::: Data for this exercise
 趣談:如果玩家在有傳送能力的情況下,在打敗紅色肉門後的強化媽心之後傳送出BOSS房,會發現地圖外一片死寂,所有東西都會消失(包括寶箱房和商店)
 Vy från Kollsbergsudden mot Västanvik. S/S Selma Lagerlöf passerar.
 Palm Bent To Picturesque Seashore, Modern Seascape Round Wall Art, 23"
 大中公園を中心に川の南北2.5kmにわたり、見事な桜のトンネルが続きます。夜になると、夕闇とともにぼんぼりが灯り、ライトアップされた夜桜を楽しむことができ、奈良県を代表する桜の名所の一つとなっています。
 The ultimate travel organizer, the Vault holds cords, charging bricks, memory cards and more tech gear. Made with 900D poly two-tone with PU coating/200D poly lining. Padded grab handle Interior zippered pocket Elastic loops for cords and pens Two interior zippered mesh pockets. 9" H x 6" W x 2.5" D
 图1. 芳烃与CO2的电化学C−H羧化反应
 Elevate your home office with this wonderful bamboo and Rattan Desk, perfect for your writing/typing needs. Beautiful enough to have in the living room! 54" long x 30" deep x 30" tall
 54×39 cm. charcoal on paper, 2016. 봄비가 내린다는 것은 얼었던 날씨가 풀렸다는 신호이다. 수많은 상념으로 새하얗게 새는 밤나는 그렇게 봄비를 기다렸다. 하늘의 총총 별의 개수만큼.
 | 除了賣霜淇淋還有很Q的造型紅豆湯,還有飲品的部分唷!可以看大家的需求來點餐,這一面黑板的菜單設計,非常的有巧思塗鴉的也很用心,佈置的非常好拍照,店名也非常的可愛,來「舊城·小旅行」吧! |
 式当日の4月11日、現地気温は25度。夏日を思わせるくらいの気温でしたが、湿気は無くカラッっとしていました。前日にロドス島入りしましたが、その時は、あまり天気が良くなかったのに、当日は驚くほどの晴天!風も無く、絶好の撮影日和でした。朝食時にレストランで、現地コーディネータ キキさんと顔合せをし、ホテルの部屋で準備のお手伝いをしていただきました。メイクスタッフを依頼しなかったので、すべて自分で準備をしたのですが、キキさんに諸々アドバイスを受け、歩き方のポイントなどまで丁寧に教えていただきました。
::::::
• _Brief_:
In the records above, find every line that contains the word "with" and copy it.

• _Response to the exercise_:
 The ultimate travel organizer, the Vault holds cords, charging bricks, memory cards and more tech gear. Made with 900D poly two-tone with PU coating/200D poly lining. Padded grab handle Interior zippered pocket Elastic loops for cords and pens Two interior zippered mesh pockets. 9" H x 6" W x 2.5" D
 Elevate your home office with this wonderful bamboo and Rattan Desk, perfect for your writing/typing needs. Beautiful enough to have in the living room! 54" long x 30" deep x 30" tall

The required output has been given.